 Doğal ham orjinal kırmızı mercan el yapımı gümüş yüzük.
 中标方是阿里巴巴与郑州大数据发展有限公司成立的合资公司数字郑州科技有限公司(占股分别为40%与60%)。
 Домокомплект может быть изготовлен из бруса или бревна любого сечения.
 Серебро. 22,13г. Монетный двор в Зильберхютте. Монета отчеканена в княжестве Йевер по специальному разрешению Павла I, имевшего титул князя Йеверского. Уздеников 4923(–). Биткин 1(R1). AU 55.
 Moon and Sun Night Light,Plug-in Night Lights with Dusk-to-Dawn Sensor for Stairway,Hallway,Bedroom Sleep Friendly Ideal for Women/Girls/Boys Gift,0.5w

---

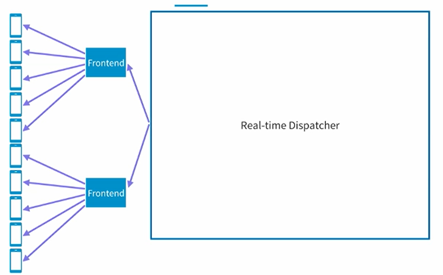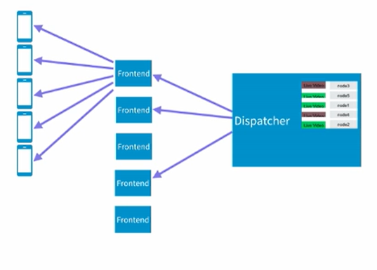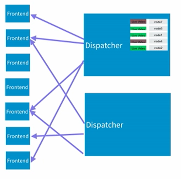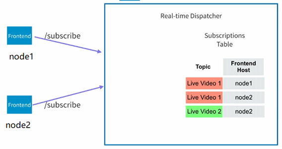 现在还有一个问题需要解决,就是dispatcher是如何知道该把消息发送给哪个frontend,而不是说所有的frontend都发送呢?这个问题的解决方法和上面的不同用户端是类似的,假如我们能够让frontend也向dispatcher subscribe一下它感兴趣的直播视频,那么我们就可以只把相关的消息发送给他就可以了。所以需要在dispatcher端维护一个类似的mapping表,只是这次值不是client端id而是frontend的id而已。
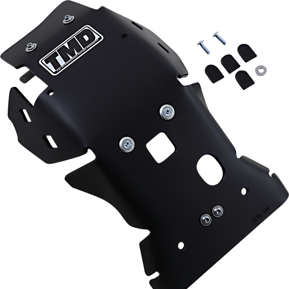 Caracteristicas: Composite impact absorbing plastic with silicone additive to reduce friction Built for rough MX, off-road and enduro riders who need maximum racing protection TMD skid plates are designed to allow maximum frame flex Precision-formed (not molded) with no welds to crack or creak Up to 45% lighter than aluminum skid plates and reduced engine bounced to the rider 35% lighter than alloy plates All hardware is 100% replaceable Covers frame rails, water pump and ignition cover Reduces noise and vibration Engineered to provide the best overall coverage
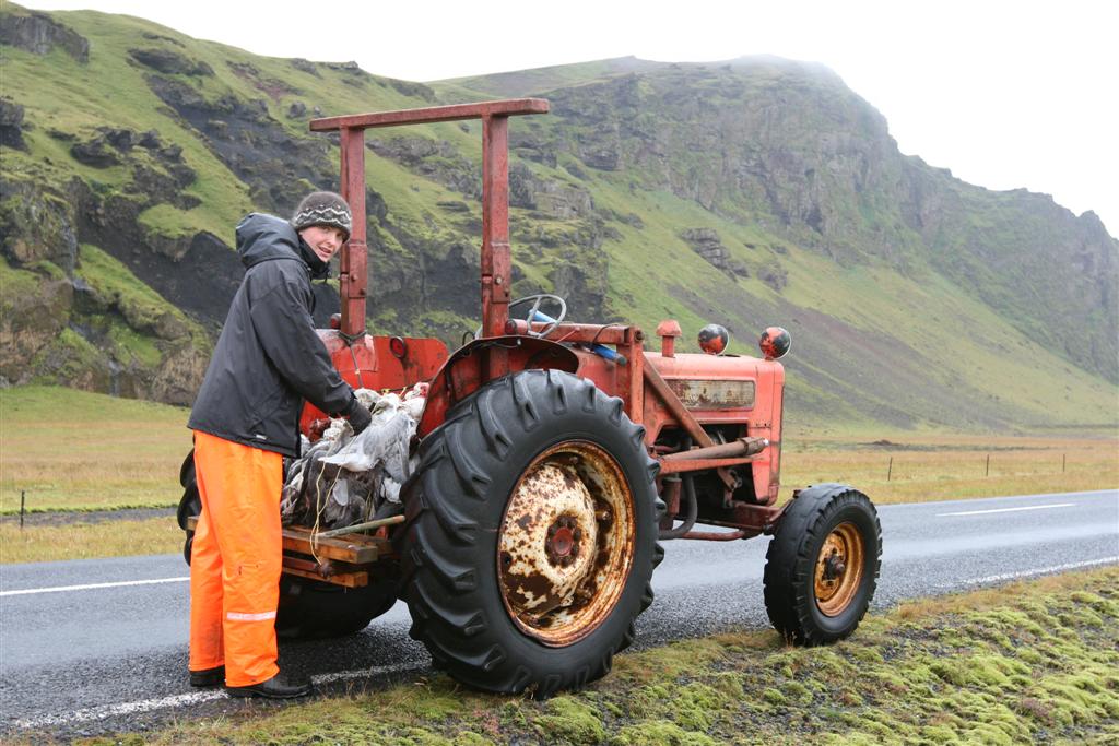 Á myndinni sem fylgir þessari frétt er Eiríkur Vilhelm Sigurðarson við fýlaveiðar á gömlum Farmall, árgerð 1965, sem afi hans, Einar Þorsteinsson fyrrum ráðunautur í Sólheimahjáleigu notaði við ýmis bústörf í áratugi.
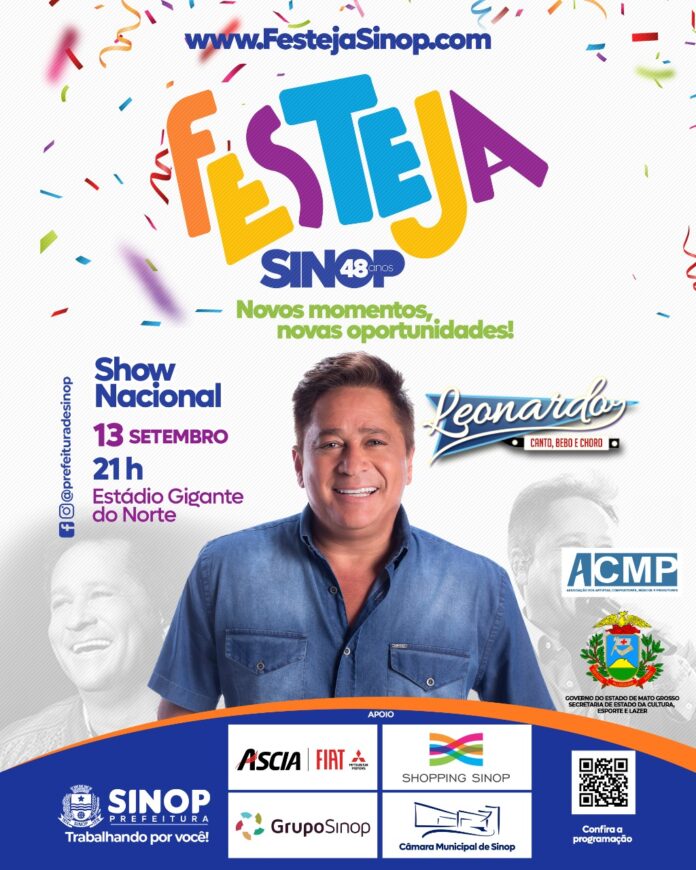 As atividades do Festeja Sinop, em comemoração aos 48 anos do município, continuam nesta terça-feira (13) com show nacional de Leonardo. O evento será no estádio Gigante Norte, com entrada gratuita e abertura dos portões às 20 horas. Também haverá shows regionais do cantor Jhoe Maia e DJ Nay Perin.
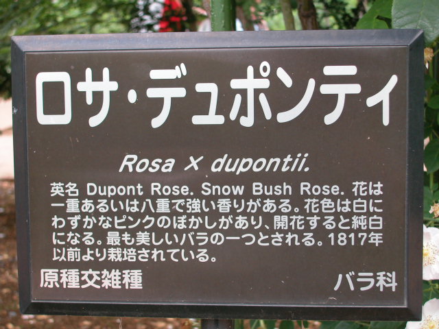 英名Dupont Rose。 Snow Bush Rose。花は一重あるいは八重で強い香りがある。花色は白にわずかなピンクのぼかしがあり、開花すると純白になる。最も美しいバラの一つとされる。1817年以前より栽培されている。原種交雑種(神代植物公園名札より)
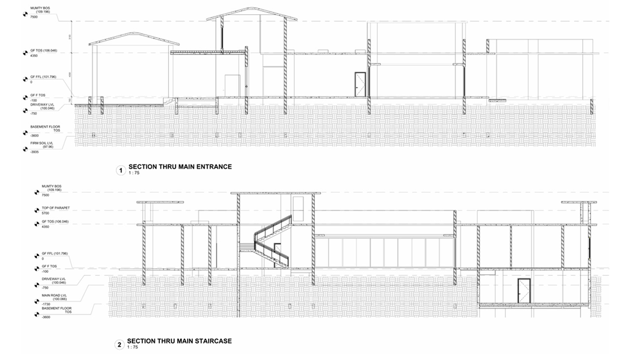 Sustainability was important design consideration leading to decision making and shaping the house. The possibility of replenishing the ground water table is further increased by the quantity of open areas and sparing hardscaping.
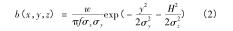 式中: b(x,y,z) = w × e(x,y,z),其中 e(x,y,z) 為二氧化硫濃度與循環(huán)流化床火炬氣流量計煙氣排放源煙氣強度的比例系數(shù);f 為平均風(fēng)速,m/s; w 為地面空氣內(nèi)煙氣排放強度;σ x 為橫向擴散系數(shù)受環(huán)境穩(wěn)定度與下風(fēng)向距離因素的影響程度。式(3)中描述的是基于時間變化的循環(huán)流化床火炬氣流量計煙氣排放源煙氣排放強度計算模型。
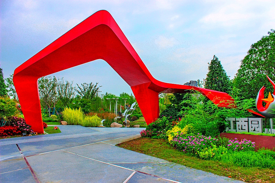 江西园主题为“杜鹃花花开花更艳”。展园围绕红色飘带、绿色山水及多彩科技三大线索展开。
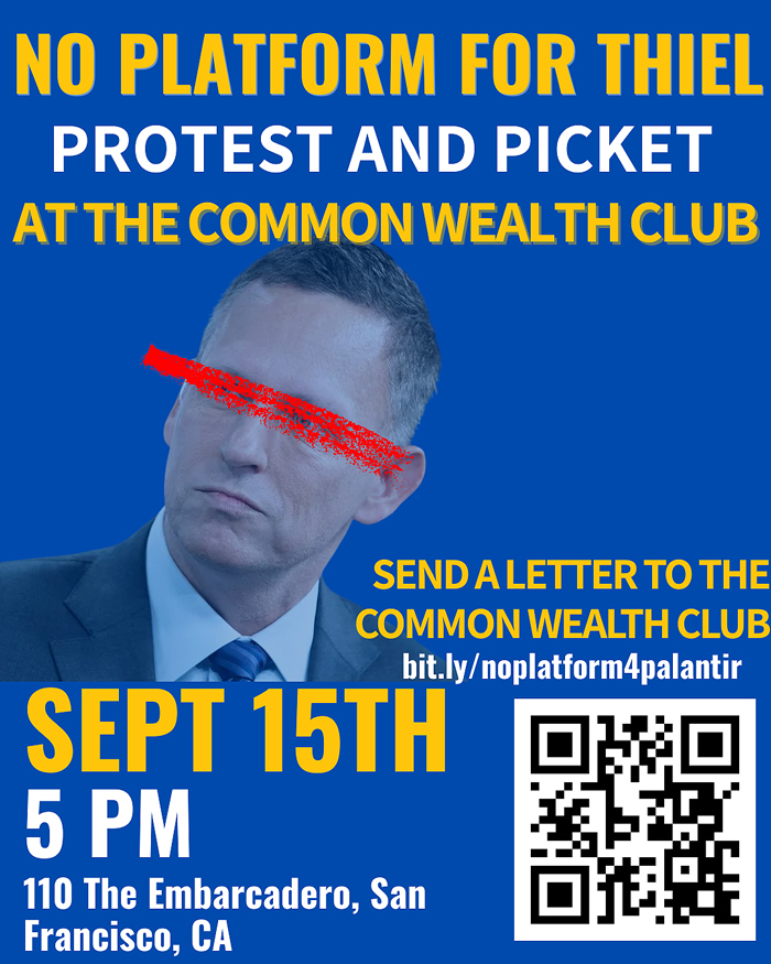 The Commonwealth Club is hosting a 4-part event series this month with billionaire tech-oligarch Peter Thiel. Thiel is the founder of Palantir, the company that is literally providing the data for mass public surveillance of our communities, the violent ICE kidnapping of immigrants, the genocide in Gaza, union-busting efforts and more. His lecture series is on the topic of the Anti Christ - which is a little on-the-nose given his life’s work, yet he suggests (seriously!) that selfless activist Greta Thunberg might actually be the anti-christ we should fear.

---

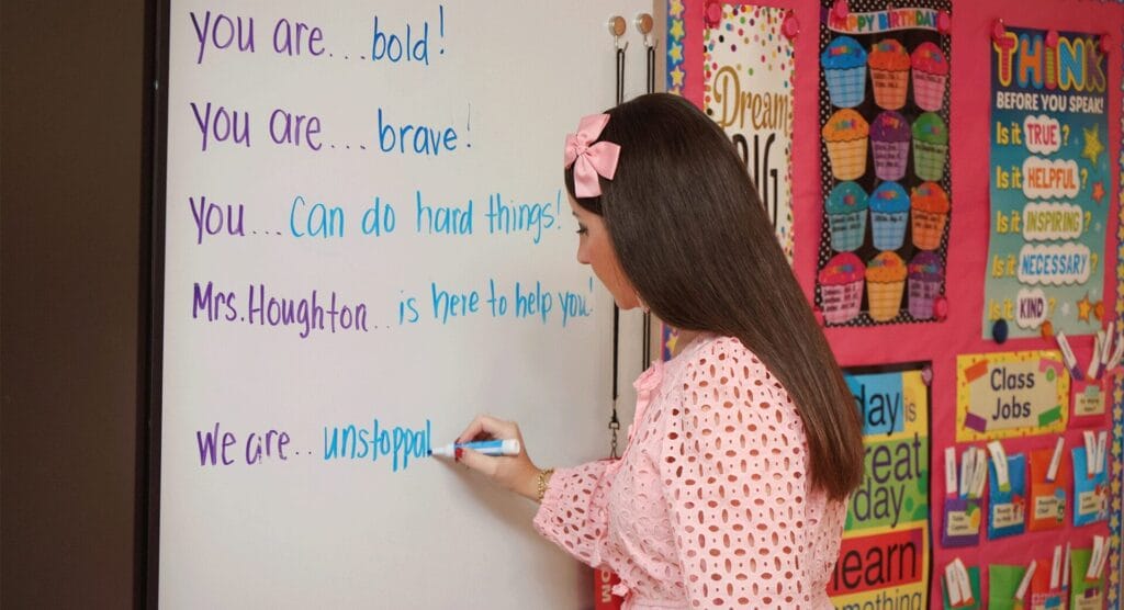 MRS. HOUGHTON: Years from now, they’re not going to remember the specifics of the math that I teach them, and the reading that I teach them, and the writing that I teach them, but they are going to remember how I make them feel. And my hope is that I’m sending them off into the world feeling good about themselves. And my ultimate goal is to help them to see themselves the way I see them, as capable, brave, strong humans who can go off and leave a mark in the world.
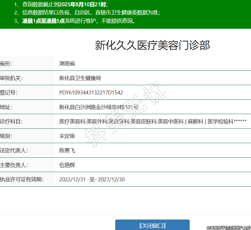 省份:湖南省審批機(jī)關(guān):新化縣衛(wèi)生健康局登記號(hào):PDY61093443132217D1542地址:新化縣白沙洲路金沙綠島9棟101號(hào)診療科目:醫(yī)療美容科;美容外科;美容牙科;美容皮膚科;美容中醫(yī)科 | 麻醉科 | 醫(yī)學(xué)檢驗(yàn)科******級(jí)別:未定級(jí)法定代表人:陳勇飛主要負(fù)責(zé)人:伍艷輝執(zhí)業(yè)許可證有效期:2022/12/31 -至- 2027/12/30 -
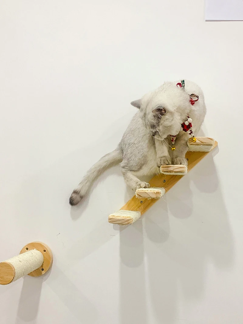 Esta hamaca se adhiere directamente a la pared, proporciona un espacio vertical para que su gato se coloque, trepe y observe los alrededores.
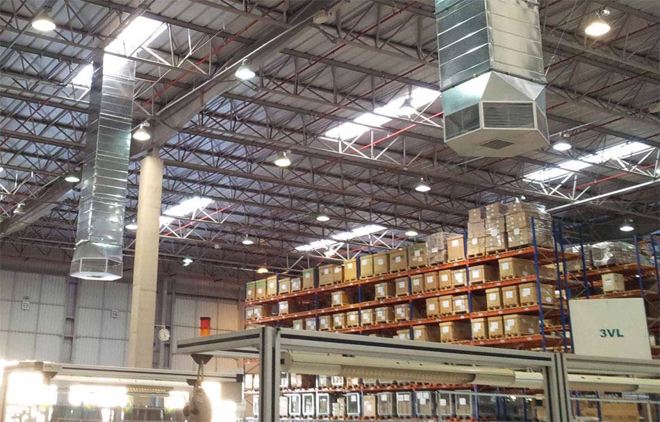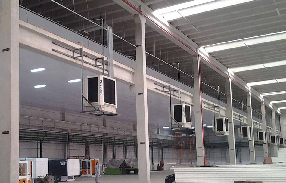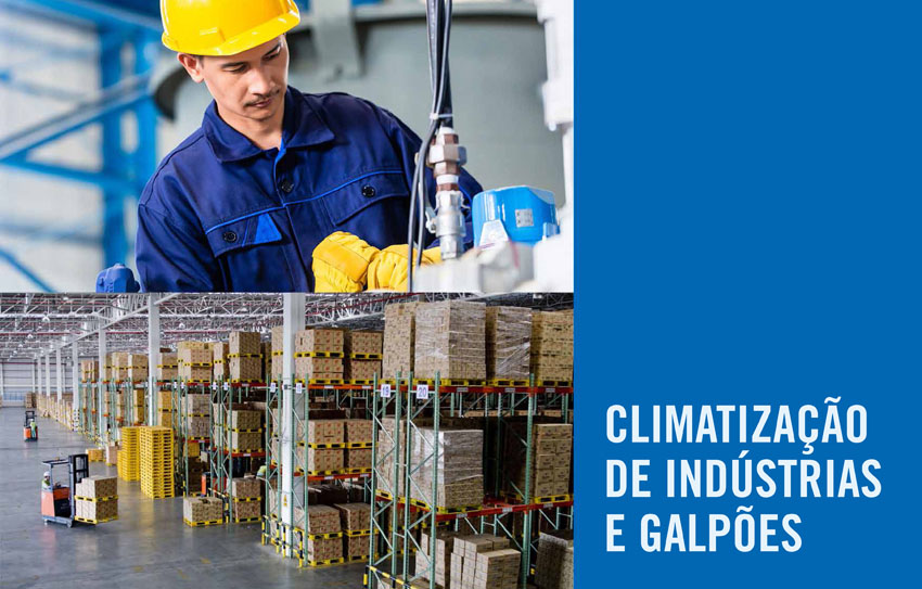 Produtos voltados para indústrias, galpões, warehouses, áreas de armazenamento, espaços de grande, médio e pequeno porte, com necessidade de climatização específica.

PROBLEM DESCRIPTION >> In the material above, which lines fall between the one holding "英名Dupont Rose。 Snow" and the one holding "The Commonwealth Club", inclusive? Print exactly those, with the pictures left out.

TASK SOLUTION >>
 英名Dupont Rose。 Snow Bush Rose。花は一重あるいは八重で強い香りがある。花色は白にわずかなピンクのぼかしがあり、開花すると純白になる。最も美しいバラの一つとされる。1817年以前より栽培されている。原種交雑種(神代植物公園名札より)
 Sustainability was important design consideration leading to decision making and shaping the house. The possibility of replenishing the ground water table is further increased by the quantity of open areas and sparing hardscaping.
 式中: b(x,y,z) = w × e(x,y,z),其中 e(x,y,z) 為二氧化硫濃度與循環(huán)流化床火炬氣流量計煙氣排放源煙氣強度的比例系數(shù);f 為平均風(fēng)速,m/s; w 為地面空氣內(nèi)煙氣排放強度;σ x 為橫向擴散系數(shù)受環(huán)境穩(wěn)定度與下風(fēng)向距離因素的影響程度。式(3)中描述的是基于時間變化的循環(huán)流化床火炬氣流量計煙氣排放源煙氣排放強度計算模型。
 江西园主题为“杜鹃花花开花更艳”。展园围绕红色飘带、绿色山水及多彩科技三大线索展开。
 The Commonwealth Club is hosting a 4-part event series this month with billionaire tech-oligarch Peter Thiel. Thiel is the founder of Palantir, the company that is literally providing the data for mass public surveillance of our communities, the violent ICE kidnapping of immigrants, the genocide in Gaza, union-busting efforts and more. His lecture series is on the topic of the Anti Christ - which is a little on-the-nose given his life’s work, yet he suggests (seriously!) that selfless activist Greta Thunberg might actually be the anti-christ we should fear.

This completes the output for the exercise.